Data records
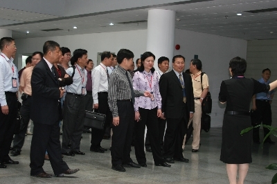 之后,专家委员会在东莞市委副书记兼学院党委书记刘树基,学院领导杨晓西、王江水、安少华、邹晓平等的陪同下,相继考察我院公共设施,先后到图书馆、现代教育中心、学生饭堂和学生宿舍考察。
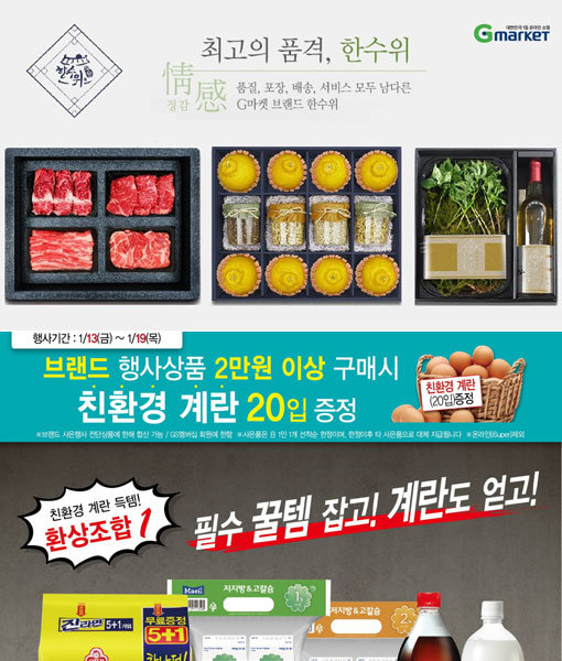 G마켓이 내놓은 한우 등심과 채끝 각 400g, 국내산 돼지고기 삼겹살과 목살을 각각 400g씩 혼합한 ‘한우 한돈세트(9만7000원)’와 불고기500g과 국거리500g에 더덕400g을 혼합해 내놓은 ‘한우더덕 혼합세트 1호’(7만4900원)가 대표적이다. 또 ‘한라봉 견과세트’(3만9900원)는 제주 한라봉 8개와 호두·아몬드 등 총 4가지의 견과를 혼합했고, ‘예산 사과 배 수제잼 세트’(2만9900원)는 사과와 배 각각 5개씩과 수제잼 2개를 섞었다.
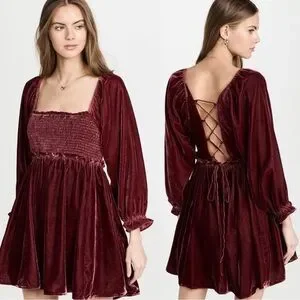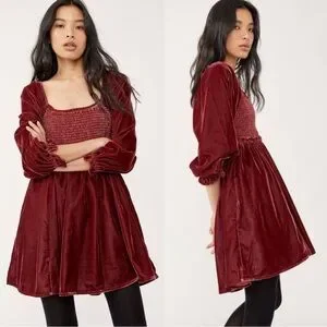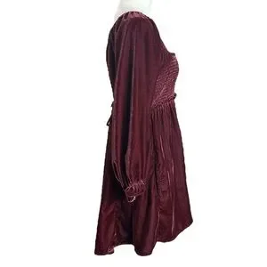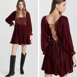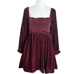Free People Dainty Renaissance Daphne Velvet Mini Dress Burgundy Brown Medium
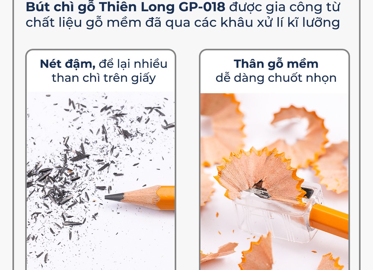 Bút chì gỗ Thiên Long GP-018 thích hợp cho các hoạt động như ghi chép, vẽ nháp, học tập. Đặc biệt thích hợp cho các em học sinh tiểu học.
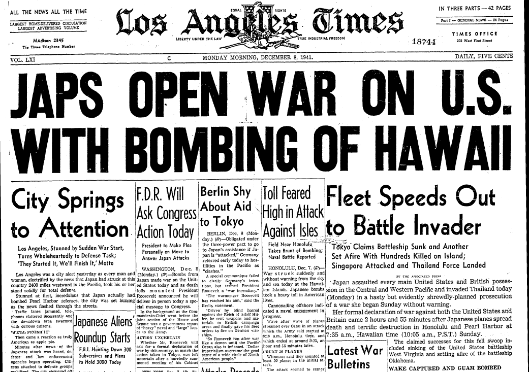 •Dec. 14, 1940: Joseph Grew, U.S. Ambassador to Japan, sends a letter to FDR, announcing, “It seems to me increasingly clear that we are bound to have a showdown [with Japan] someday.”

What the task asks:
Output every record above exactly, leaving out the pictures.

Task solution:
 之后,专家委员会在东莞市委副书记兼学院党委书记刘树基,学院领导杨晓西、王江水、安少华、邹晓平等的陪同下,相继考察我院公共设施,先后到图书馆、现代教育中心、学生饭堂和学生宿舍考察。
 G마켓이 내놓은 한우 등심과 채끝 각 400g, 국내산 돼지고기 삼겹살과 목살을 각각 400g씩 혼합한 ‘한우 한돈세트(9만7000원)’와 불고기500g과 국거리500g에 더덕400g을 혼합해 내놓은 ‘한우더덕 혼합세트 1호’(7만4900원)가 대표적이다. 또 ‘한라봉 견과세트’(3만9900원)는 제주 한라봉 8개와 호두·아몬드 등 총 4가지의 견과를 혼합했고, ‘예산 사과 배 수제잼 세트’(2만9900원)는 사과와 배 각각 5개씩과 수제잼 2개를 섞었다.
Free People Dainty Renaissance Daphne Velvet Mini Dress Burgundy Brown Medium
 Bút chì gỗ Thiên Long GP-018 thích hợp cho các hoạt động như ghi chép, vẽ nháp, học tập. Đặc biệt thích hợp cho các em học sinh tiểu học.
 •Dec. 14, 1940: Joseph Grew, U.S. Ambassador to Japan, sends a letter to FDR, announcing, “It seems to me increasingly clear that we are bound to have a showdown [with Japan] someday.”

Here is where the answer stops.